If you already own and are using my e-book, Complementary-warp Pick-up, for your inkle loom, you won’t need this new book….unless you are curious about adding a couple of other methods to your pick-up weaving repertoire on inkle looms. The second kind of border structure that I teach in the Appendix of this new book might be new to you too.

Which method do I prefer? It very much depends on a number of factors which take into account the kind of material I am using for warp, the weight of the yarn I am using, as well as the number of threads. I love to have different methods up my sleeve to use in all kinds of situations, just as I do for my backstrap loom. If you have seen me or other weavers using additional string heddles to create Andean Pebble Weave patterns on inkle looms and have wondered about those, the third method in this is book will answer all those questions…all the why’s and how’s of making them, as well as using them.

ANDEAN PEBBLE WEAVE ON INKLE LOOMS…..!https://www.taprootvideo.com/preview_class.jsf?iid=3&cid=13

And now I shall return to my pocket-bag fabric which is so very near completion. The second two weaving ladies are now happily seated at their almost-finished looms and I am about to add my newly-created pattern for the tree which will shade them. I suspect there will be some un-weaving for adjustment because I am being naughty and weaving the tree without first sampling!

Perhaps there will be a finished bag to show next time I post!

 

 

 

 

 

 

 


Responses

  1. I am so glad you wrote this Laverne! I ran over to Pattern Fish and grabbed it off the fiber shelf!!! I cant wait to play with it! Thank You!

  2. It may be easier for me to learn pebble weave on an inkle loom, as I can concentrate on the pattern and not the loom so much. I know the patterns will be a bit more elongated. Thank you so much!

  3. Hi from Guatemala – we’ve been traveling here for 15 days so far. 11 more to go. We’ve seen many weavers and have been blown away by some of the textiles. I’m getting better at recognizing some of the patterns from different areas. Didn’t you study here at one point? Where was that? un fuerte abrazo – Virginia

  4. Two fantastic books in 2019… and it is only February! I am in Colombia now and just downloaded it. Thank you so much!

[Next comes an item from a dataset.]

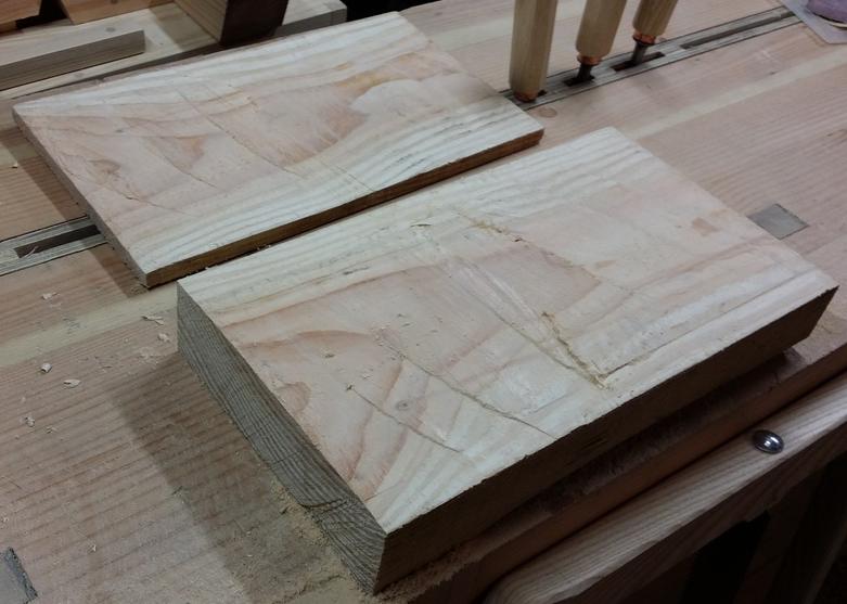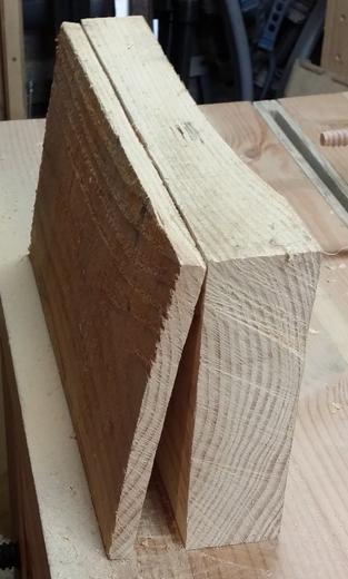 Alors je m'attaque à une chute de madrier en Douglas, 200 mm de large sur 350 mm de long.

  5. Bonsoir ,je ne comprends pas du tout l’anglais .j’ai donc beaucoup de mal à rentrer en contact avec vous .j’aimerais savoir si vous vendez de la laine et savoir aussi quelle laine il faut employer pour faire ce genre de tissage .j’aime beaucoup ce que vous faites ,c’est magnifique .
    Il n’y a pas de traduction française ,je suis perdue dans vos explications .je viens souvent consulter votre site et j’espere un jour savoir faire grâce à vous de si belle choses . Est ce que l’on peut espérer un livre en Français ?
    Je vous souhaite une bien agréable soiree

    • Bonjour Monique. Copier et coller cette réponse dans Google translate. Thank you for your comment. While I understood your comment in French, I cannot write it well enough to reply to you in French. I don’t sell wool. I use mostly mercerized cotton for my work or worsted-spun wool. I have a book in French but it is not aimed at beginners. Sandrine, the lady who translated my book to French has an online forum that discusses this kind of weaving and other fiber activities. I think that it is called Tricofolk. She also has a business and sells yarn and supplies: http://alysse-creations.info/

  6. Hi Laverne,
    Having just got a floor inkle loom and being a beginner inkle weaver I have just bought your new book. I am sure it will be useful.
    Can I say how great that video is of the Chinese backstrap weaver!! She is wonderful!! Which area of China is she from?
    Sue and I were at Shetland Wool week last September. I did workshops on Peruvian knitting. and I was interviewed for Fruity Knitting, a well known knitting podcast. It is episode 65 if you want to have a look.
    We have broadened out our Cambridge group from just Peru now to Textile Traditions Study Group, so we can look at other cultures too.
    We all still remember your visit to Cambridge and Norfolk with affection.